I shoot these sports with a 1D Mk IV, 5D Mk III, and 7D. The main lenses I use are the 300 f/4 IS, 70-200 f/2.8 IS Mk II, and the 135 f/2. Occasionally I'll use the 100-400 zoom, but only when I can't be down at the field. The 300 f/4 IS can be marginal on the 5D and 7D in anything less than good light and when tracking subjects coming directly at me. In good light on the 1D Mk IV, it is a pretty great piece of gear, though the resulting photographs are just "good event photos" rather than the great images that the f/2.8 version gets when I rent it. 

I also heavily use wide angles of 17mm on up to 35mm, either zoom or prime, to shoot these sports. The key is to use them from low angles so that the athletes rise well above the horizon. I call them my "superhero" shots. You can see lots of those in my sports galleries. 

My favorite shots come from using either the wide angle superhero lenses or the 135 f/2...ALWAYS at f/2. Head to toe runner shots with the 135 L, with the athlete filling the frame are awesome. I use this lens all the time in tight trail confines in the forest when I'm shooting ultra running. Far better than the 70-200 IS II. 

The best things you can do to get great shots, though, have little to do with gear and all to do with your framing and composition. Shoot often from low angles, even with long lenses. For instance, shoot the long jump laying flat on the ground from off the end of the pit, at least 135mm and 200mm is better. Aim up and fill the frame with the athlete, while keeping the board in the frame. The perspective will heighten the affect of the athlete's jumping height. If you shoot the same shot, standing, the athlete will not look heroic and your shot will be boring and stiff. 

If you have High Speed Sync capability (or Hypersync w/Pocket Wizards), add counter-lighting to your shots. Put the sun over the athletes' shoulders and light their front (not usually possible during T&F, but it can sometimes be used). 

Get as close to the action as you can.
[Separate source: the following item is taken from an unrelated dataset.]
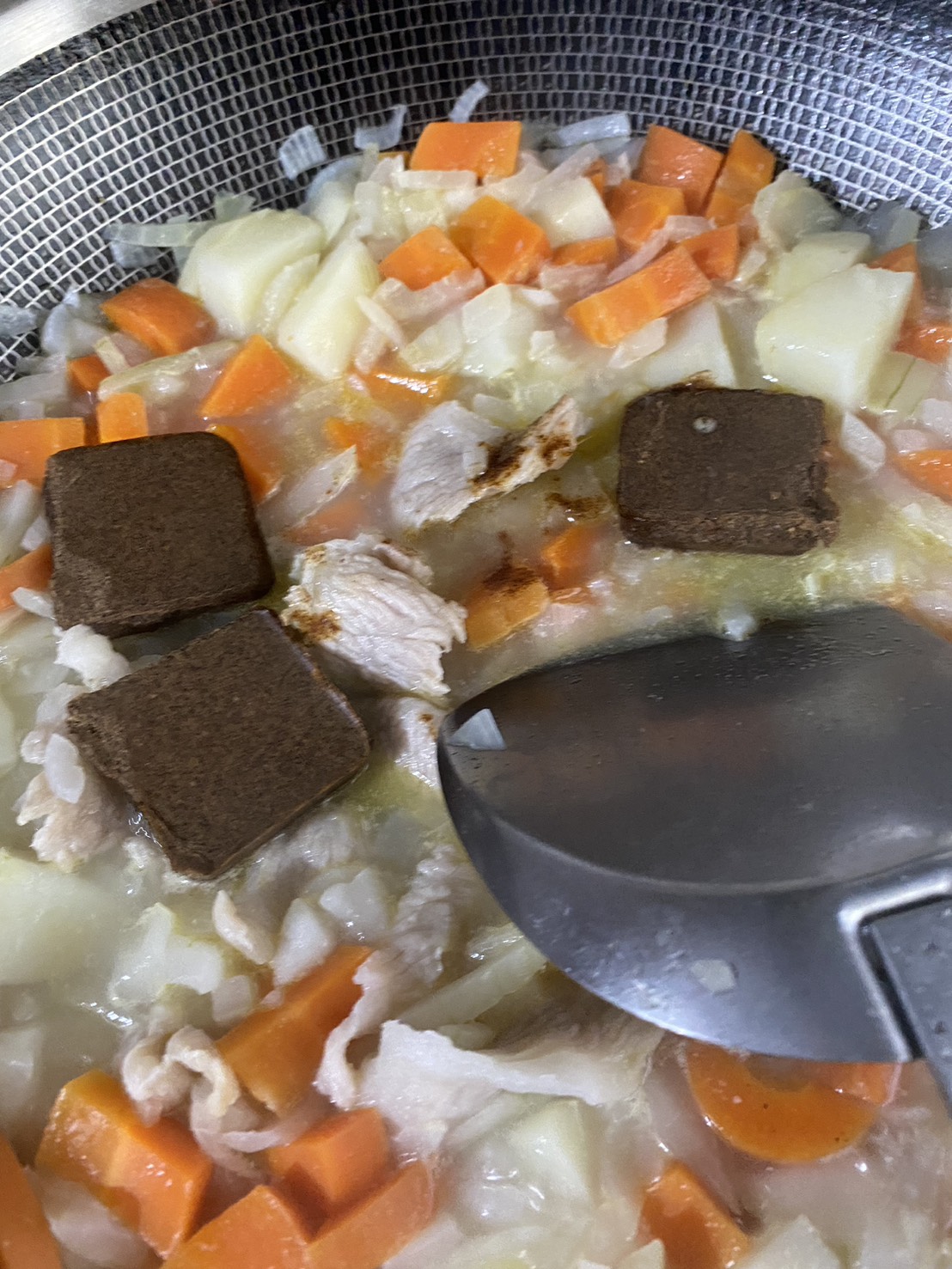 建議先將洋蔥、紅蘿蔔、馬鈴薯與雞肉等配料炒香以增加風味。隨後加入約600ml水(可依個人濃淡調整)煮沸燉煮至食材熟透。最後關火放入咖哩塊,攪拌至融化後,再用小火慢燉約5分鐘收汁即可。
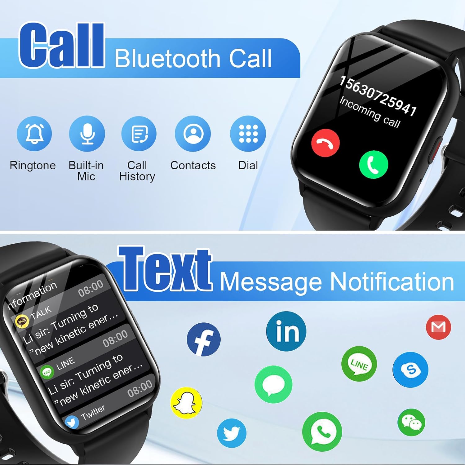 【Bluetooth Call & Message Notifications】 The smart watch features HD speaker and bluetooth 5.3 technology, after the smartwatch is connected with the Mobile app, you can make/answer and reject calls. The smartwatch will vibrate and reminder you to view the information on the screen,and you won’t miss any important calls or messages from your smartphone. You can also check the call history, contact store and messages from Facebook, Whatsapp, Twitter, SMS, etc. (Note: After connecting Bluetooth, please turn on message and call notification in Smartphone APP.)

I'll say it again...get as close to the action as you can! At some meets I have access to place my camera directly alongside the rail on the homestretch. I place the camera as low as I can, often directly on the deck. I use a wide angle lens, prefocused on manual focus to the point I want to capture, and set the exposure settings to manual. As the athletes run by I rip off bursts of 3-5 for each athlete. I use f/5.6 or even f/8 to ensure adequate DOF as the athletes move through the focus zone. That gives me a margin for error to ensure I get the peak action with the both of the athlete's feet off the ground. Those make awesome, "superhero" shots that the athletes and parents love. 

Shoot hurdles from many angles, but especially with your longest lens, straight down the track with the athletes running into your frame. Rip off burst of 3-5 as they clear each hurdle. The best shots have the athletes hands straight to the side while both legs clear the hurdle, with visible distance between the lowest point of the athlete's shoe and the hurdle. That is a micro-instant that very few can get right with a single shot. With a 1Dx and 12fps, better to rip of a burst at each hurdle. For those shots I use single point AF, and hold it directly on the athlete's face. Most experienced hurdlers are fairly fluid and don't bob their heads much. 

From the shots you posted, your post processing can use quite a bit of work too. The panning shot isn't too badly executed, but it lacks any punch at all. Better post processing and perhaps a judicious crop would turn that into a fairly passable shot.

There is a lot to learn and apply to get great athletic shots, but it can be done. Number one rule is NEVER, EVER, EVER shoot standing. No matter how well you execute the technical aspects of operating the camera, your image is going to be boring and common. Think ALWAYS about simplifying and cleaning up the background. Sometimes it can't be avoided, but still...when you have to break the rule make sure you have no alternative. If you must have something in the background because of the venue, try to find an angle to put the scoreboard timer behind or next to the athletes. Give some context. 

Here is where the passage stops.